O presidente Jair Bolsonaro (sem partido) foi eleito em 2018 carregando consigo a forte bandeira anticorrupção. Para mostrar seu comprometimento em combater este tipo de crime no Brasil, Bolsonaro escolheu o juiz Sergio Morocomo ministro da Justiça e Segurança Pública. O juiz ganhou notoriedade nacional por comandar por quatro anos os julgamentos em primeira instância da Operação Lava Jato, que investigou esquemas de corrupção e lavagem de dinheiro envolvendo grandes empresas, como a Odebrecht e a Petrobras, e prendeu muitos políticos, incluindo o ex-presidente Lula, que foi condenado por Moro a nove anos e seis meses de prisão. Com as revelações de corrupção no governo petista, o impeachment da presidenta Dilma Rouseff em 2016 e a prisão de Lula em 2017, o antipetismo e a anticorrupção encheram as ruas das maiores cidades do país com bandeiras em apoio à Lava Jato.Mas, desde de 2019, a Lava Jato vem sofrendo reveses. O primeiro foi a revelação de conversas entre o coordenador da operação em Curitiba, o procurador Deltan Dallagnol, e o ex-juiz Sergio Moro, pelo site The Intercept em junho de 2019, que ficou conhecida como Vaza Jato.
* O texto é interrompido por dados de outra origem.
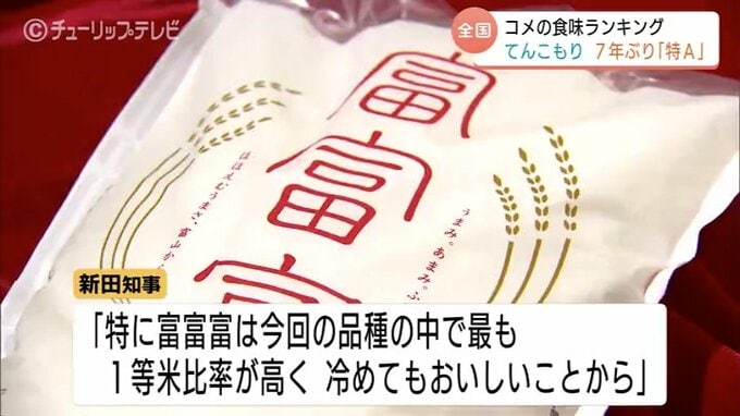 食味ランキングの結果を受けて富山県の新田知事は「特に富富富は今回の品種の中で最も1等米比率が高く、冷めてもおいしいことから生産者、関係者がワンチームとなって生産拡大に努めています。評価が下がったことは誠に残念でありますが、引き続き求められるコメづくりに取り組んでまいります」とコメントしています。

Em novembro do mesmo ano, o Supremo Tribunal Federal (STF), por 6 votos a 5, definiu a inconstitucionalidade da prisão após condenação em segunda instância. A decisão culminou na soltura do ex-presidente Lula, que estava preso desde abril de 2018 após sentença do caso do triplex no Guarujá, e reverteu a prisão de outros políticos presos pela operação. Em 2020, nomeado como "superministro", Moro passou de alicerce para um dos principais desafetos do presidente. Além disso, Dallagnol deixou o comando da operação em Curitiba. Como se não bastasse, o procurador-geral da República, Augusto Aras, deu várias investidas contra a Lava Jato, a força-tarefa de São Paulo foi encerrada e a de Curitiba quase viu seu fim nas mãos da PGR.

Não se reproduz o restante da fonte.